**Your instructions**
Go through the data from its first line and retype each line, stopping once the line containing "燃料タンクは左舷側のタンクに" has been retyped.

(Stored records)
[Start of Attachment]

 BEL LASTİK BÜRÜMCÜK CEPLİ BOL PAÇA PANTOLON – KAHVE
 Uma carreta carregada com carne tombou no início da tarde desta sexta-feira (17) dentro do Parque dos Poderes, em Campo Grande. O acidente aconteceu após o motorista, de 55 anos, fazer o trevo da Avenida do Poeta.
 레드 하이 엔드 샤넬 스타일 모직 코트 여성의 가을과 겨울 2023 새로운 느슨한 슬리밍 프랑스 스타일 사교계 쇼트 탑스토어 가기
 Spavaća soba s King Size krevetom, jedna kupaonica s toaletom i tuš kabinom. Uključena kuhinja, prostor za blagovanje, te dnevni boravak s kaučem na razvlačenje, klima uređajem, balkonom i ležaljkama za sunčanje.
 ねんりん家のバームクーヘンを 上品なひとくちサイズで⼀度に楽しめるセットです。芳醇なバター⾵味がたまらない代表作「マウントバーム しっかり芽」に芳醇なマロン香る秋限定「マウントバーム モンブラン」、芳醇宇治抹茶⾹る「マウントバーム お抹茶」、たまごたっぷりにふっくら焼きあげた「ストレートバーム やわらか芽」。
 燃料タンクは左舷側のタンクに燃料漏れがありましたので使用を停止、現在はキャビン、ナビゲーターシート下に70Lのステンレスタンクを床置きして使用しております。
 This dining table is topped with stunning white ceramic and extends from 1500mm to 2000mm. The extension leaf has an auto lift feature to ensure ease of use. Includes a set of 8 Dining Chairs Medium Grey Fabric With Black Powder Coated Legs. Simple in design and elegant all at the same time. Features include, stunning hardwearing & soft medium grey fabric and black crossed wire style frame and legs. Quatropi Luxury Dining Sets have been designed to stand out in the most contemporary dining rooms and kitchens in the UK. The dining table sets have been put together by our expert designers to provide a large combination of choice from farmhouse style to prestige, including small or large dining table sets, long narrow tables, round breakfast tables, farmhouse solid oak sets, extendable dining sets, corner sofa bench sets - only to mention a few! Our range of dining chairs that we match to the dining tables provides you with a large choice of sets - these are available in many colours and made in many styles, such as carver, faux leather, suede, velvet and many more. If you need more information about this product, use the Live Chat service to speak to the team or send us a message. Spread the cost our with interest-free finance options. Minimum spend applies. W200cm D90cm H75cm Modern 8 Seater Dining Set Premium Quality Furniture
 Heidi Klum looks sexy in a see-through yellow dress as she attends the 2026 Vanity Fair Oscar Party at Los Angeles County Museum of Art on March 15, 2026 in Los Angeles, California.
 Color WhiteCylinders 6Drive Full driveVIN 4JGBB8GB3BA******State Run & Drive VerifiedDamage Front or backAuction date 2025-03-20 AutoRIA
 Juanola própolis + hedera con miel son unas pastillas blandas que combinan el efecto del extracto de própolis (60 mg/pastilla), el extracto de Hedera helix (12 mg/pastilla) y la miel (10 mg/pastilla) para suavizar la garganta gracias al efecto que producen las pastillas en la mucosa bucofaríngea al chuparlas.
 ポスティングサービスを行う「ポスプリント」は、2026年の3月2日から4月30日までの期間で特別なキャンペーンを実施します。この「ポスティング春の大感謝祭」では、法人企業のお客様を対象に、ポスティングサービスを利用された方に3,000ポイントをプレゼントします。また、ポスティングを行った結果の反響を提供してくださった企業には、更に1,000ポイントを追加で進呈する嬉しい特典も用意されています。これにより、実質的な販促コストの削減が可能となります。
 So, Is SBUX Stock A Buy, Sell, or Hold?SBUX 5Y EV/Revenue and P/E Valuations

[End of Attachment]

**Your response**
 BEL LASTİK BÜRÜMCÜK CEPLİ BOL PAÇA PANTOLON – KAHVE
 Uma carreta carregada com carne tombou no início da tarde desta sexta-feira (17) dentro do Parque dos Poderes, em Campo Grande. O acidente aconteceu após o motorista, de 55 anos, fazer o trevo da Avenida do Poeta.
 레드 하이 엔드 샤넬 스타일 모직 코트 여성의 가을과 겨울 2023 새로운 느슨한 슬리밍 프랑스 스타일 사교계 쇼트 탑스토어 가기
 Spavaća soba s King Size krevetom, jedna kupaonica s toaletom i tuš kabinom. Uključena kuhinja, prostor za blagovanje, te dnevni boravak s kaučem na razvlačenje, klima uređajem, balkonom i ležaljkama za sunčanje.
 ねんりん家のバームクーヘンを 上品なひとくちサイズで⼀度に楽しめるセットです。芳醇なバター⾵味がたまらない代表作「マウントバーム しっかり芽」に芳醇なマロン香る秋限定「マウントバーム モンブラン」、芳醇宇治抹茶⾹る「マウントバーム お抹茶」、たまごたっぷりにふっくら焼きあげた「ストレートバーム やわらか芽」。
 燃料タンクは左舷側のタンクに燃料漏れがありましたので使用を停止、現在はキャビン、ナビゲーターシート下に70Lのステンレスタンクを床置きして使用しております。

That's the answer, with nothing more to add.